INFORMATION PROVIDED section start
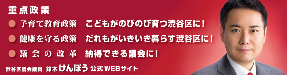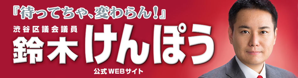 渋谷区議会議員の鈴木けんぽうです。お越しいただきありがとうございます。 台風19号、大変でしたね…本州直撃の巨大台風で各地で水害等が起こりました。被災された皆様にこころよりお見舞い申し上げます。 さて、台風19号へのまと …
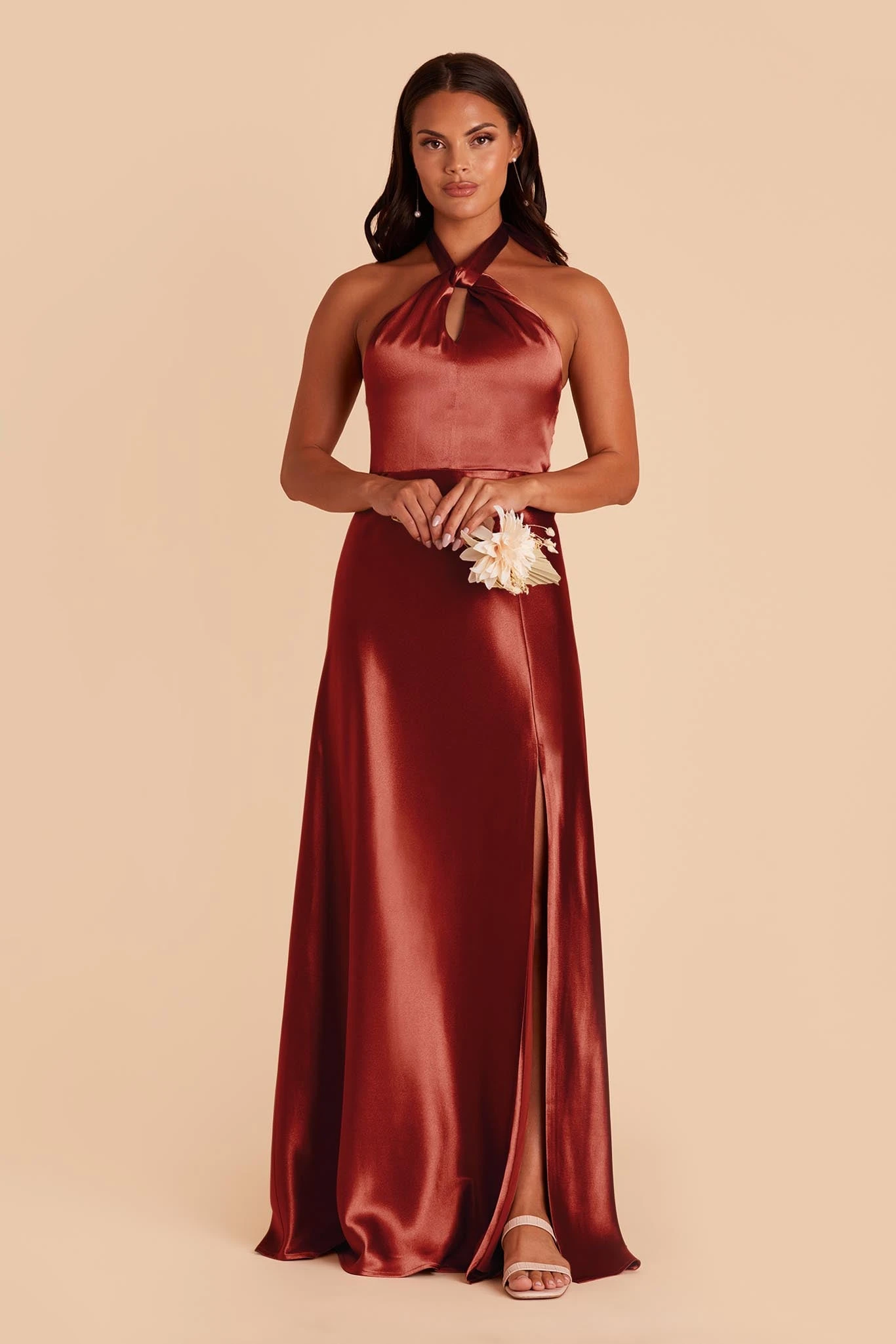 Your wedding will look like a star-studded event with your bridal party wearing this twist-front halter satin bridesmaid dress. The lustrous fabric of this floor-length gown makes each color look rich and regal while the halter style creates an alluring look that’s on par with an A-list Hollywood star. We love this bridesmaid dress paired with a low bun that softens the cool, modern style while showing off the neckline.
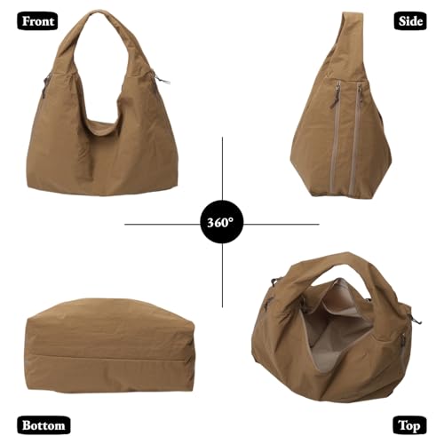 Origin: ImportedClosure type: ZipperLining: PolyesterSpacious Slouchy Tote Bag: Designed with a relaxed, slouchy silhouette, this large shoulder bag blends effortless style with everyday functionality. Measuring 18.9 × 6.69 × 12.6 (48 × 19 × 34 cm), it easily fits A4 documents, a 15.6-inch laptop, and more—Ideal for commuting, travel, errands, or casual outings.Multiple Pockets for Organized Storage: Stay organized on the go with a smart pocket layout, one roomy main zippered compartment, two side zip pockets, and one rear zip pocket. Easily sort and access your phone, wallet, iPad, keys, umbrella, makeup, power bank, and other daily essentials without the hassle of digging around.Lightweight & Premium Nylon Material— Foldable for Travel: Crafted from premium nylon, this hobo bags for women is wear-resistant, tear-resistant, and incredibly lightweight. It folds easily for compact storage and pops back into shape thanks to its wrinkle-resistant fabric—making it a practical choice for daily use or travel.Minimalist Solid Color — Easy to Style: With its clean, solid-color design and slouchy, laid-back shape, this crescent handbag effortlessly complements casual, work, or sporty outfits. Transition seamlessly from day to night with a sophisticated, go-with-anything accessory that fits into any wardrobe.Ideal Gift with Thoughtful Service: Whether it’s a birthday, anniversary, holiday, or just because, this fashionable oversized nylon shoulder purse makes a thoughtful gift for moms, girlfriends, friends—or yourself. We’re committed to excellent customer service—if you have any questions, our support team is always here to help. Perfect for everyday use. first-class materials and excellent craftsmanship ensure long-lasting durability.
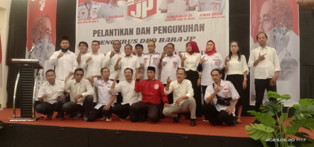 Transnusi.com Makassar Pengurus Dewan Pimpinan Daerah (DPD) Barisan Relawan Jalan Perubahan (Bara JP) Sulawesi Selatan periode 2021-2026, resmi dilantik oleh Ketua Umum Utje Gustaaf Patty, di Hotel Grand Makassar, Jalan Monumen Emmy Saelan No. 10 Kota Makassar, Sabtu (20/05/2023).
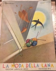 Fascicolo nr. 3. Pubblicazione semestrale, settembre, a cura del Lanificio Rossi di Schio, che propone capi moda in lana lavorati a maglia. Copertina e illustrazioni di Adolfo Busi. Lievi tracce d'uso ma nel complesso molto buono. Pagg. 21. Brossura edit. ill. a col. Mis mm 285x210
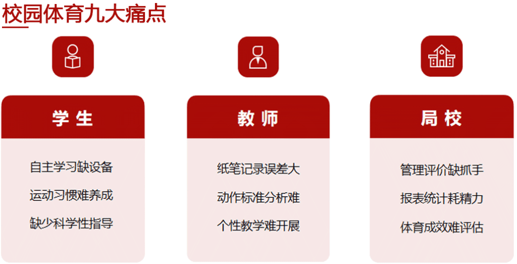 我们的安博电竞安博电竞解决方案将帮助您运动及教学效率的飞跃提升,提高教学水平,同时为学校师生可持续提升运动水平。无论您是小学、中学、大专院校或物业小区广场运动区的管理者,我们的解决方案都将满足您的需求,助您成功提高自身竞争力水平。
INFORMATION PROVIDED section end
INFORMATION PROVIDED section start
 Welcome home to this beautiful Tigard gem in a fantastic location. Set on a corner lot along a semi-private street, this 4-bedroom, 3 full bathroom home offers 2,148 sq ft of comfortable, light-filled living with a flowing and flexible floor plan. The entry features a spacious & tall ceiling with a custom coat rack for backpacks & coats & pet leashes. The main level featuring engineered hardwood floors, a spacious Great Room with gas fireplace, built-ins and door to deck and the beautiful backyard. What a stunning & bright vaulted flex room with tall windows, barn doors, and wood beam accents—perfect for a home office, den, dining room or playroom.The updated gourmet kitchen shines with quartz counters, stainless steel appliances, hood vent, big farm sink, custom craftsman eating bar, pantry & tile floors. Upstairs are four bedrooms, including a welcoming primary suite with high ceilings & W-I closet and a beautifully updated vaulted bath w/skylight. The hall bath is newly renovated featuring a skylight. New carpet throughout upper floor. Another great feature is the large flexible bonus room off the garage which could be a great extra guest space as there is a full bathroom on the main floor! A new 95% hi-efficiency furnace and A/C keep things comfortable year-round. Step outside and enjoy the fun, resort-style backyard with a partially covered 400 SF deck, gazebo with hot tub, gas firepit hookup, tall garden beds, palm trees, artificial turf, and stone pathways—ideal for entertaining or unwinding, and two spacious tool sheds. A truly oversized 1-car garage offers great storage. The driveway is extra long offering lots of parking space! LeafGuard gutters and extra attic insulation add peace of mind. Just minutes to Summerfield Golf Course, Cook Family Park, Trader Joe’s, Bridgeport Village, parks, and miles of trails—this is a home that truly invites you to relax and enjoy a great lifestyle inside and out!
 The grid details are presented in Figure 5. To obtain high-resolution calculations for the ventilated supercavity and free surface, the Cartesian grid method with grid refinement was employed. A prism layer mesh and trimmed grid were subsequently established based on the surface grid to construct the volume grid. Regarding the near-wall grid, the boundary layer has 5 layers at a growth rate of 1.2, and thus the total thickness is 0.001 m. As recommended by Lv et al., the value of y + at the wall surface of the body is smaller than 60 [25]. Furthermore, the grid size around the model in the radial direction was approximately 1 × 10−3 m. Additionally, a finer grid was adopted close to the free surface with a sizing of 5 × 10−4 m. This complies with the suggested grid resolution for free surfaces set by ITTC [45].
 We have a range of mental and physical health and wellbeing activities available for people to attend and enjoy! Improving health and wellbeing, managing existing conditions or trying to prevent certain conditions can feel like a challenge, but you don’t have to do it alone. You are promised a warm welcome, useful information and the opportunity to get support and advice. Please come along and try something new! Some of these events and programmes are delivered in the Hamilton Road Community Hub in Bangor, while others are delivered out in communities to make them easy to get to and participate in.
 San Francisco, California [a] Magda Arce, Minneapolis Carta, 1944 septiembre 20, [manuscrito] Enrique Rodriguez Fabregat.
INFORMATION PROVIDED section end
• _ASSIGNED TASK_
Could you reproduce, exactly, every line above from the line with "We have a range" to the line with "San Francisco, California", and no other line? Both ends count.

• _SOLUTION BELOW_
 We have a range of mental and physical health and wellbeing activities available for people to attend and enjoy! Improving health and wellbeing, managing existing conditions or trying to prevent certain conditions can feel like a challenge, but you don’t have to do it alone. You are promised a warm welcome, useful information and the opportunity to get support and advice. Please come along and try something new! Some of these events and programmes are delivered in the Hamilton Road Community Hub in Bangor, while others are delivered out in communities to make them easy to get to and participate in.
 San Francisco, California [a] Magda Arce, Minneapolis Carta, 1944 septiembre 20, [manuscrito] Enrique Rodriguez Fabregat.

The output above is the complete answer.